[Opening DATA RECORDS section]
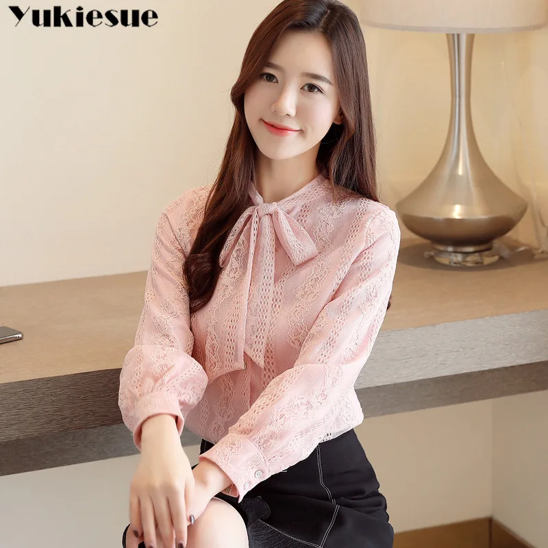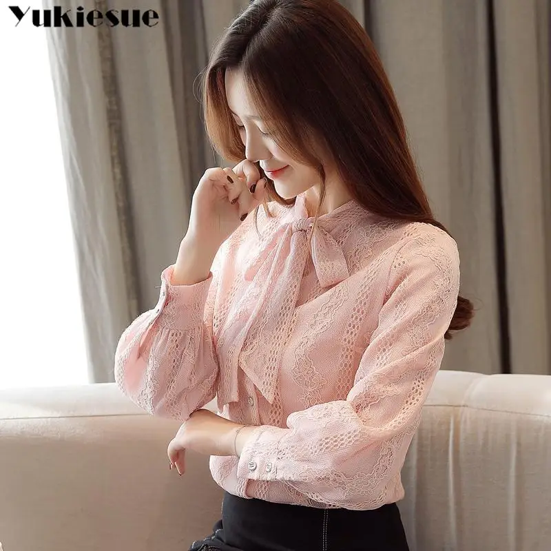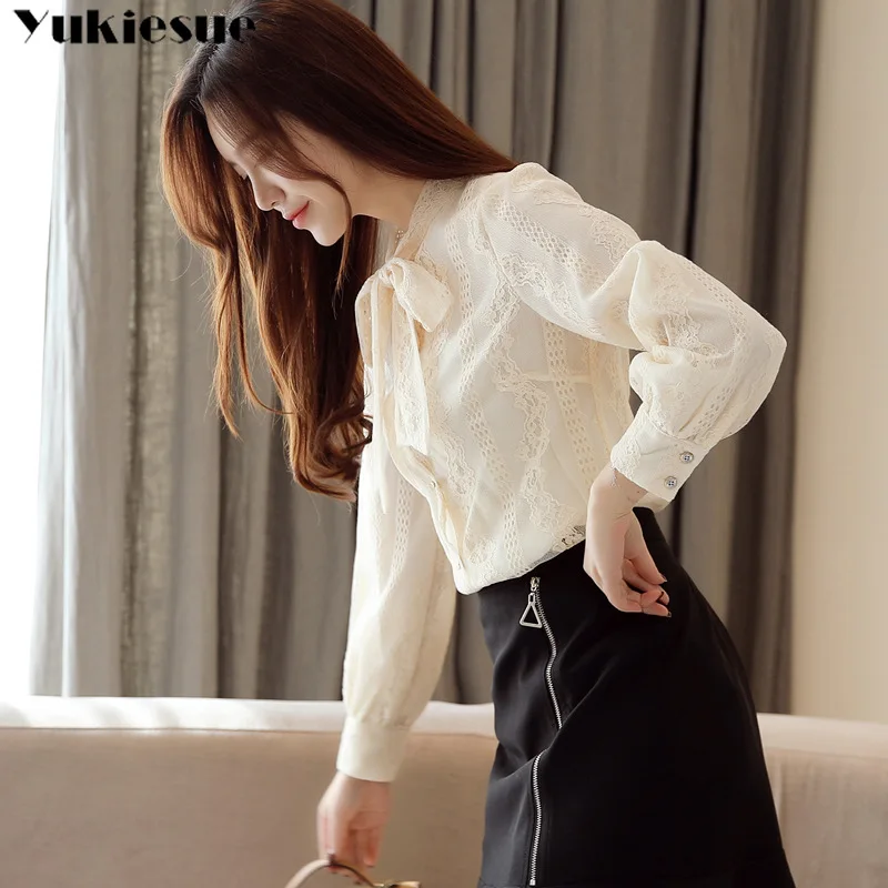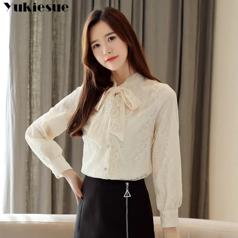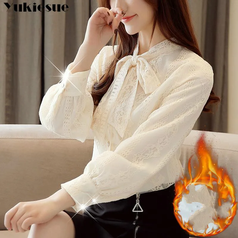 Женская кружевная блузка, зимняя теплая элегантная рубашка с длинными рукавами-фонариками и бантом, для работы и офиса
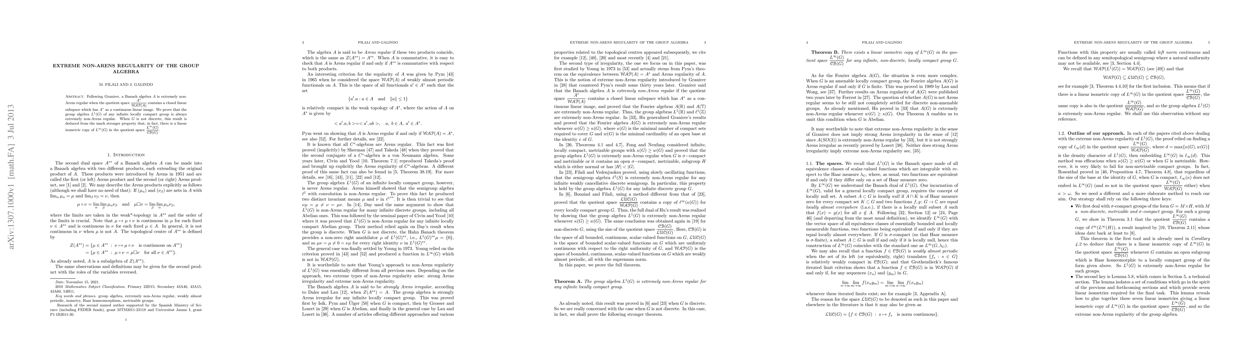 Following Granirer, a Banach algebra A is extremely non-Arens regular when the quotient space A*/WAP(A) contains a closed linear subspace which has A* as a continuous linear image. We prove that the group algebra L^1(G) of any infinite locally compact group is always extremely non-Arens regular. When G is not discrete, this result is deduced from the much stronger property that, in fact, there is a linear isometric copy of L^\infty(G) in the quotient space L^\infty(G)/CB(G), where CB(G) stands for the algebra of all continuous and bounded functions on G.
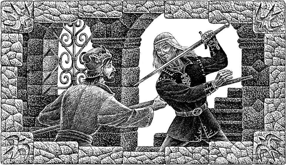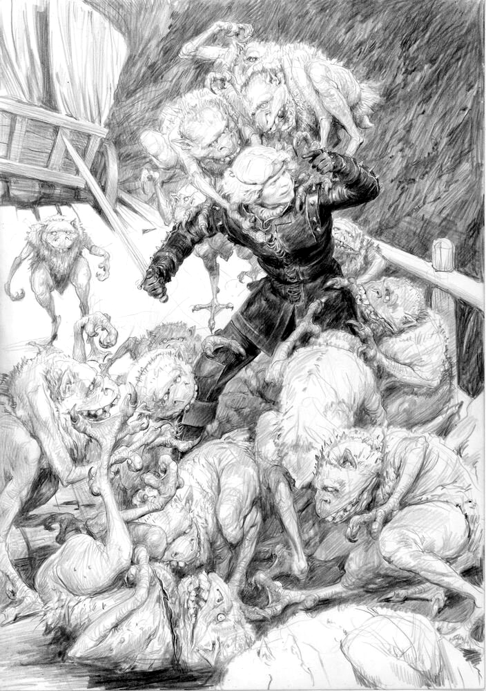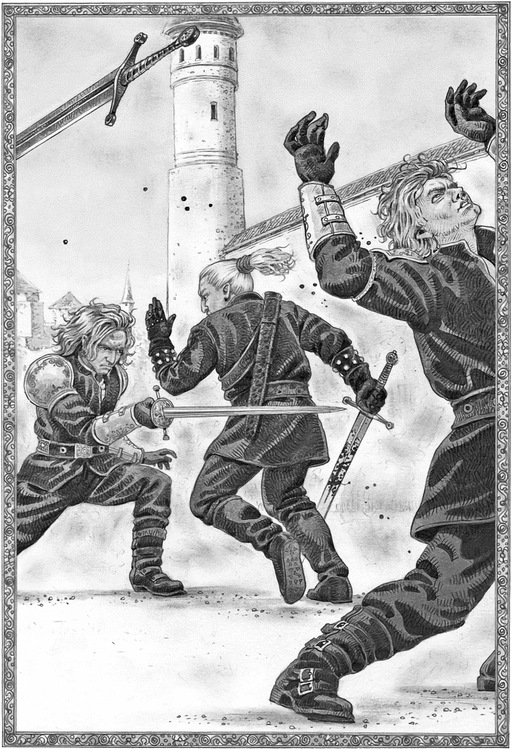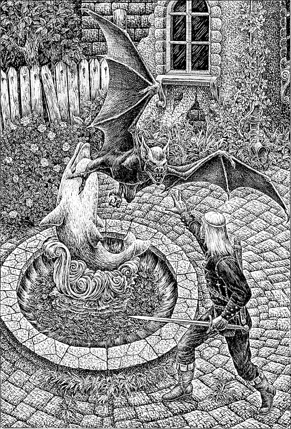 Ниже мы собрали еще несколько работ Михаила Новикова и Александра Продана из иллюстраций к различным книгам о Геральте. Попробуете опознать сцены, которые изобразили художники? Подсказка: на первом арте Михаила Геральт сражается с Вильгефорцем из Роггевеена.
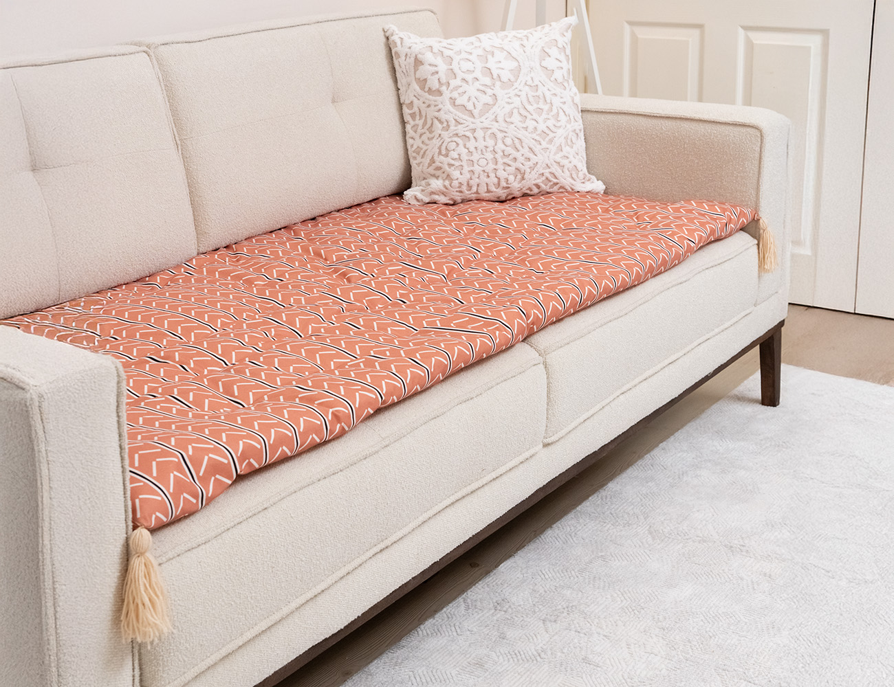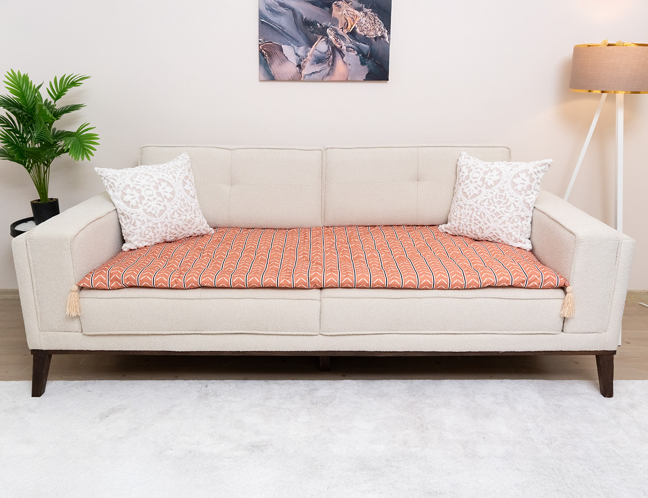 Turuncu Beyaz Etnik Şerit Desenli Kanepe Koltuk Örtüsü Fiyat aralığı: 975,00₺ - 2.050,00₺
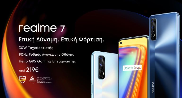Οι gamers θα απολαύσουν την επική δύναμη και επική φόρτιση του νέου realme 7, με τον πρώτο παγκόσμιο επεξεργαστή παιχνιδιών MTK Helio G95, φορτιστή 30W DartCharge, μπαταρία 5000mAh και οθόνη 90Hz Ultra Smooth. Το realme 7, το πιο επικό τηλέφωνο gaming μεσαίας κατηγορίας, είναι διαθέσιμο για αγορά στα συνεργαζομενα σημεία λιανικής καθώς και online με προτεινόμενη τιμή από 219€.
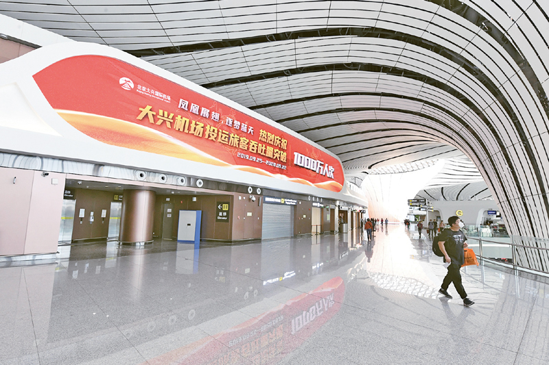2019年9月25日,北京大興國際機(jī)場投運(yùn)儀式在北京舉行,習(xí)近平總書記出席儀式,宣布機(jī)場正式投運(yùn)并巡覽航站樓。時隔一年,2020年9月22日,北京大興國際機(jī)場迎來第1000萬名旅客。圖為22日當(dāng)天拍攝的機(jī)場內(nèi)景。 新華社記者 任超/攝
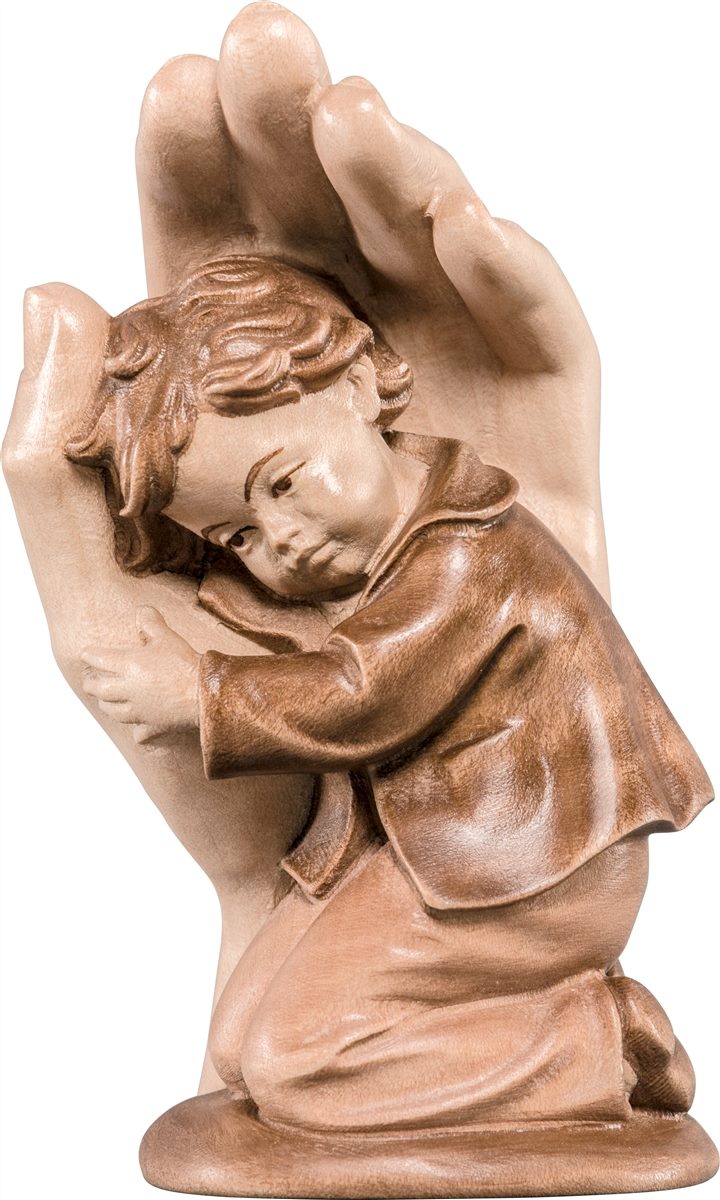 Schützende Hand stehend mit Junge mehrfach gebeizt
[Closing DATA RECORDS section]
# EXERCISE PROMPT
Please return the data above exactly as it stands from the line with "Ниже мы собрали" to the line with "Οι gamers θα", keeping both of those lines but none of the pictures.

# ANSWER BOX
 Ниже мы собрали еще несколько работ Михаила Новикова и Александра Продана из иллюстраций к различным книгам о Геральте. Попробуете опознать сцены, которые изобразили художники? Подсказка: на первом арте Михаила Геральт сражается с Вильгефорцем из Роггевеена.
 Turuncu Beyaz Etnik Şerit Desenli Kanepe Koltuk Örtüsü Fiyat aralığı: 975,00₺ - 2.050,00₺
Οι gamers θα απολαύσουν την επική δύναμη και επική φόρτιση του νέου realme 7, με τον πρώτο παγκόσμιο επεξεργαστή παιχνιδιών MTK Helio G95, φορτιστή 30W DartCharge, μπαταρία 5000mAh και οθόνη 90Hz Ultra Smooth. Το realme 7, το πιο επικό τηλέφωνο gaming μεσαίας κατηγορίας, είναι διαθέσιμο για αγορά στα συνεργαζομενα σημεία λιανικής καθώς και online με προτεινόμενη τιμή από 219€.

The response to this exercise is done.